The Function Predictions section includes predictions generated by COMBREX (info), predictions obtained from external databases such as NCBI Protein Clusters, and predictions submitted directly to COMBREX by computational laboratories. Predictions may be in the form of free text, or may consist of structured vocabulary such as Gene Ontology (GO) terms or EC numbers.

If the gene has been experimentally validated (status gold or green), there may be an additional section called Experimental Validation. This section contains references (in the form of PMID links) to the experimental determination of function, as found in source databases such as UniProt, EcoCyc, or the Gold Standard Gene Database.

The Supporting Information section contains functionally pertinent information, including domain structure and GO terms, from external sources. It also contains fields that differ based on the gene's functional status, as follows. For experimentally validated genes (status gold or green), it lists the other (unvalidated) genes in COMBREX to which COMBREX has transferred the function of this gene based on sequence similarity (info). For predicted genes (status blue), it lists the source of the prediction (info); in other words, where in the COMBREX color determination pipeline this gene came to be labeled as "blue". For unvalidated genes (status blue or black), it gives the results of a BLASTP search of a database of experimentally validated genes, showing by default the top hit, and optionally all hits, below an E-value score threshold of 1e-05.

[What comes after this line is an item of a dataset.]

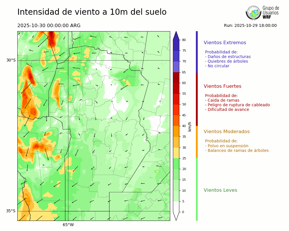 • Intensidad máxima: 18.99 km/h (30/10/2025 10hs.)

If the gene can be "functionally linked" to other genes using sequence-independent methods such as gene neighborhood conservation or operon structure, phylogenetic profiling, or gene fusion, this information is presented in an optional section called Functionally Linked Genes. Such linkages typically represent participation in a common biological process rather than a common biochemical function. This section also contains links enabling visualization of these genes as a network using the VisANT tool. VisANT is also described in the following publication: Hu Z et al (2009) Nucleic Acids Research 37, W115-21 (PMID 1946594).

If the gene participates in a known biological pathway, this information is presented in an optional section called Pathway Information.

cluster_page_bottom



REGISTERING AND LOGGING IN



Actions such as submitting information to COMBREX or applying for funding for experimental validation require registration and the creation of an account with COMBREX. To register, simply click the "Log In" link at the top right corner of the Home Page and follow the instructions, or click here (COMBREX registration) to access the registration form.

Once your account is set up, simply enter your username and password to log in.